Thank you for your great work and framework! I wanted to try the benchmarked methods for the ground-truth datasets (i.e., Feynman and Strogatz datasets) and followed the instructions in README.
Is each of the datasets not in gzip format?
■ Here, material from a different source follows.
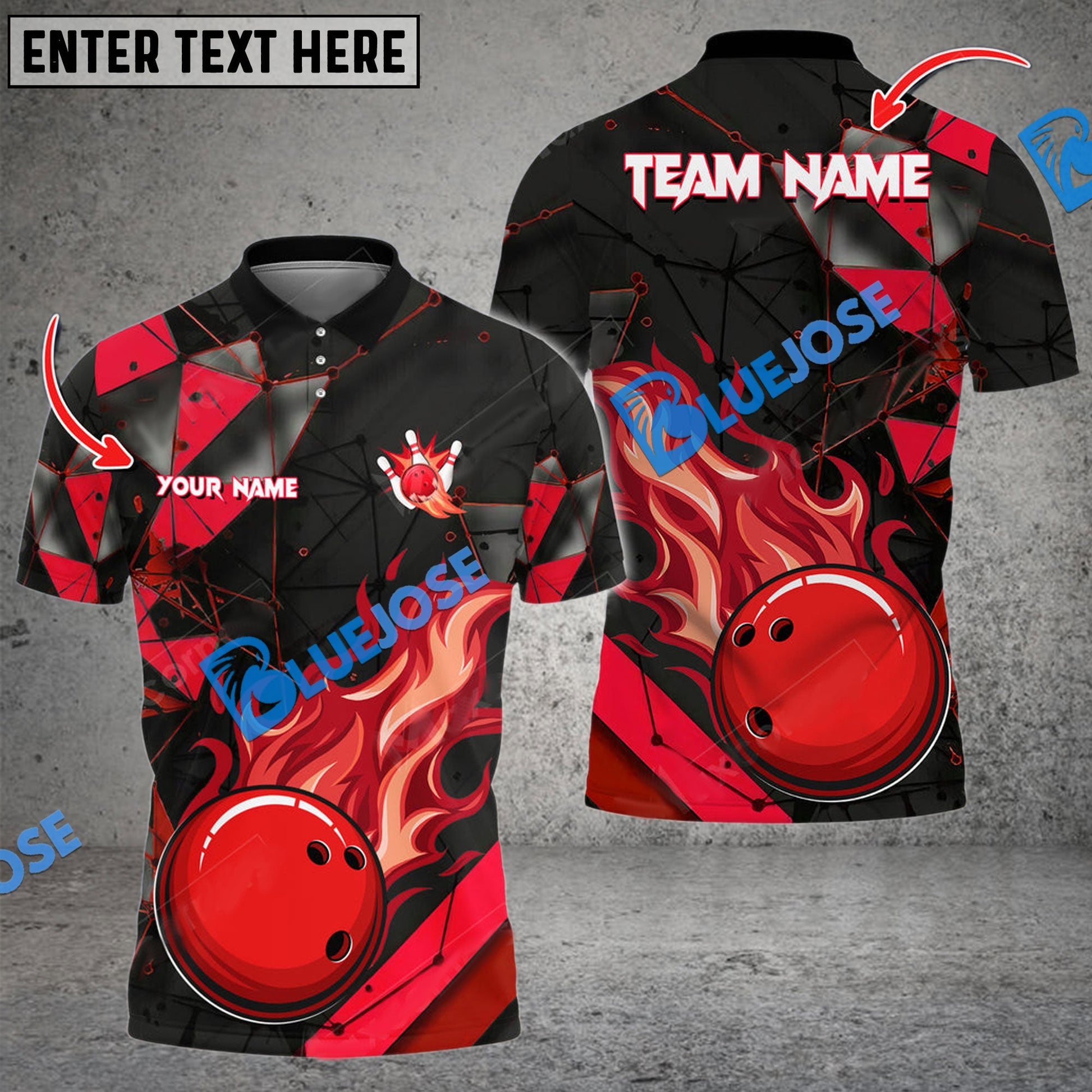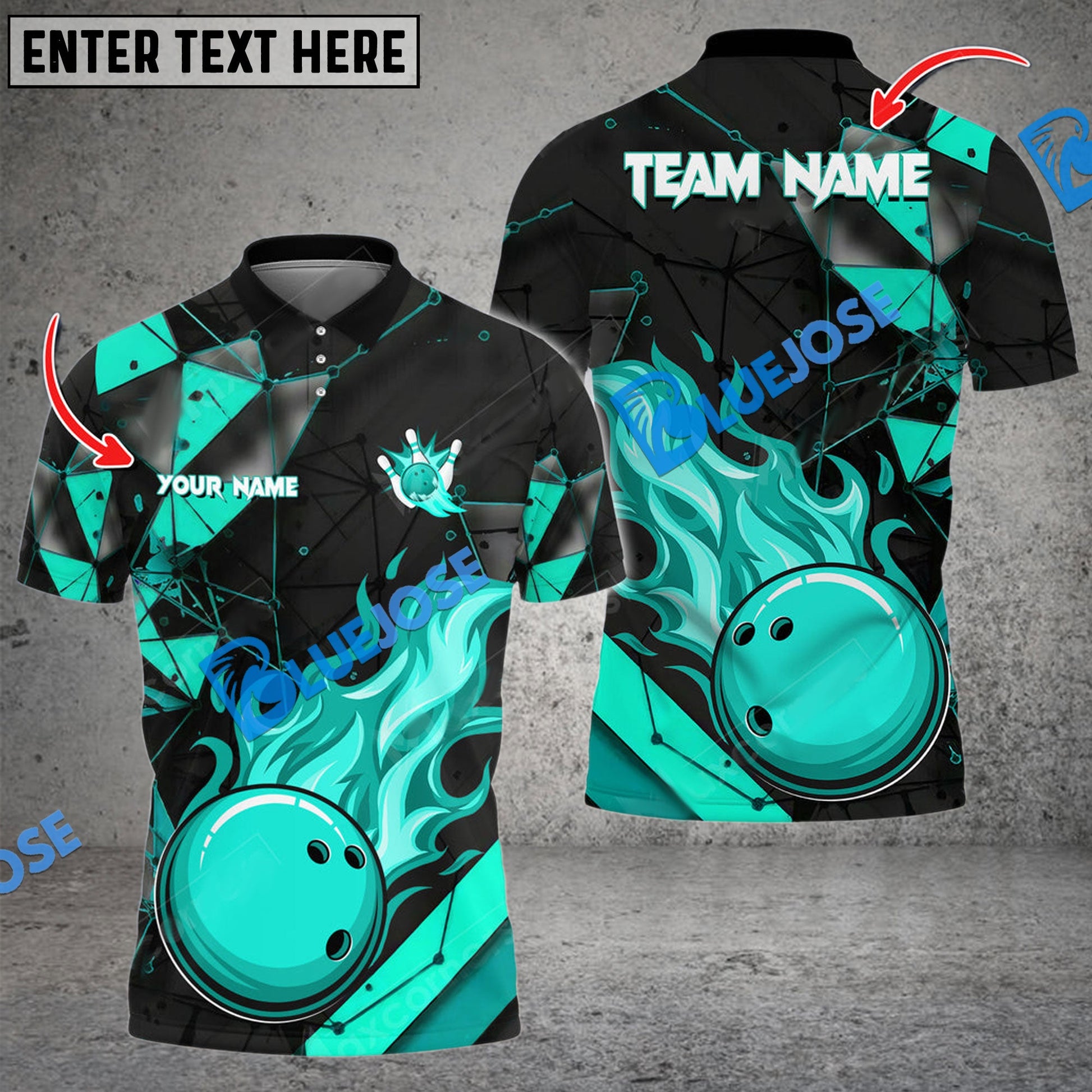 BlueJose Bowling And Pins Glass Fire Multicolor Customized Name 3D Shirt ( 4 Colors )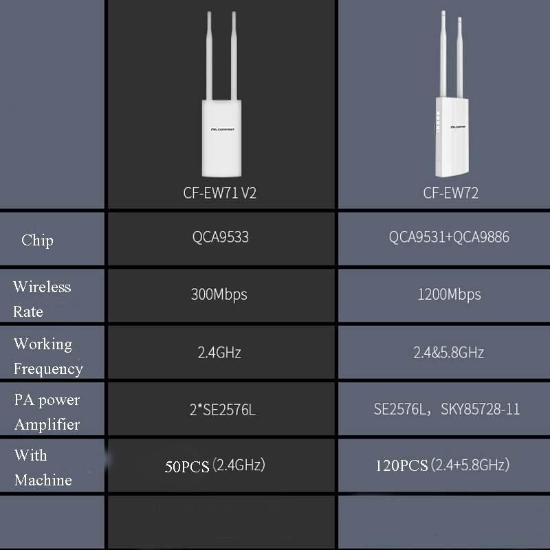 6. EW71 is suitable for general outdoor environments with few end users and less interference, EW72 is suitable for outdoor environments with many end users and high requirements for multiple wireless networks

However, the datasets fetched from the pmlb repository look broken. Here is one of the errors I got when running
python analyze.py -results ../results_sym_data -target_noise 0.0 "/data/pmlb/datasets/strogatz*" -sym_data -n_trials 10 -time_limit 9:00 -tuned --local
for Strogatz dataset. (Same errors occurred for Feynman dataset by "/data/pmlb/datasets/feynman_*" as well)
I also tried to manually gunzip the file, but the error message still says it's not in gzip format
Could you please resolve this issue for both Feynman and Strogatz datasets? Thank you!